___ DATA ___

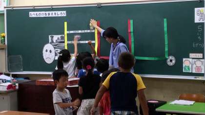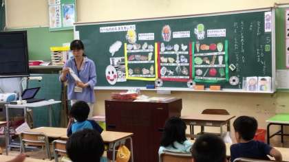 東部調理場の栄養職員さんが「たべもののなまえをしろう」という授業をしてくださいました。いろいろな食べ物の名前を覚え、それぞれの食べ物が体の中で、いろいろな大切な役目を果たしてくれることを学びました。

___
___ DATA ___

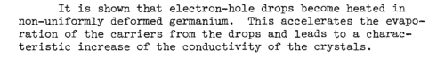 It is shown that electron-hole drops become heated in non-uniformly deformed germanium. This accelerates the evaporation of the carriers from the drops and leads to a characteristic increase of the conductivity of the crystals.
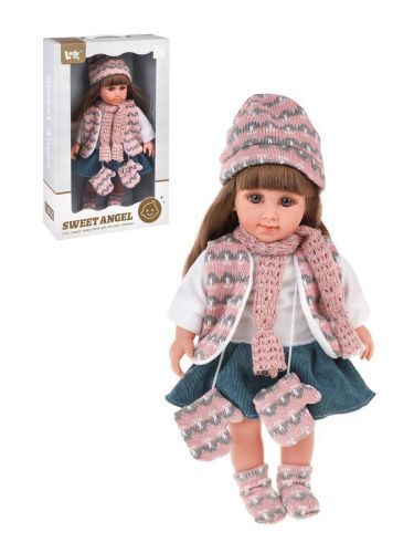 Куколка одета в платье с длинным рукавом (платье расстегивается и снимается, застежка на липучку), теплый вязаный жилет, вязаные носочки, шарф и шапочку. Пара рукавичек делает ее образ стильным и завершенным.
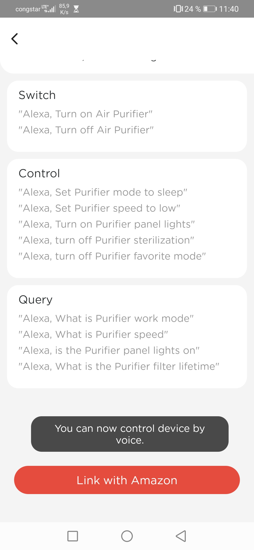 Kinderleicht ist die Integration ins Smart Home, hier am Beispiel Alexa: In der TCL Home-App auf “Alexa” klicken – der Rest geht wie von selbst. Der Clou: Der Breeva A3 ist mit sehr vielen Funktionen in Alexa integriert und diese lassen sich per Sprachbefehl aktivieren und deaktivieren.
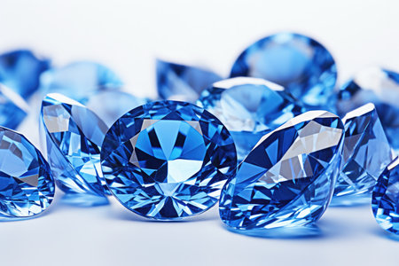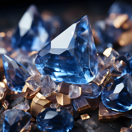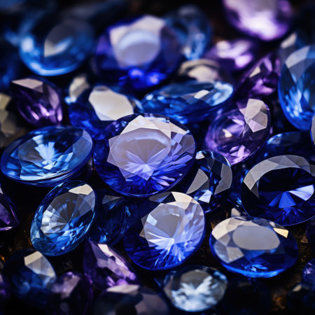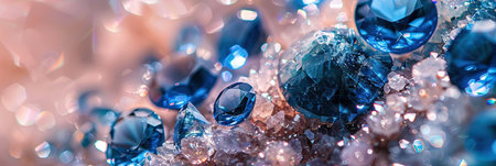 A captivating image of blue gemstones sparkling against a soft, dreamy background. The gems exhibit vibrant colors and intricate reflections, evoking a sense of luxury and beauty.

___

## WORK INSTRUCTION
Find the line with "Kinderleicht ist die" in the data above, and from there retype each line exactly through the line with "A captivating image", skipping the pictures along the way.

## ANSWER SECTION
 Kinderleicht ist die Integration ins Smart Home, hier am Beispiel Alexa: In der TCL Home-App auf “Alexa” klicken – der Rest geht wie von selbst. Der Clou: Der Breeva A3 ist mit sehr vielen Funktionen in Alexa integriert und diese lassen sich per Sprachbefehl aktivieren und deaktivieren.
 A captivating image of blue gemstones sparkling against a soft, dreamy background. The gems exhibit vibrant colors and intricate reflections, evoking a sense of luxury and beauty.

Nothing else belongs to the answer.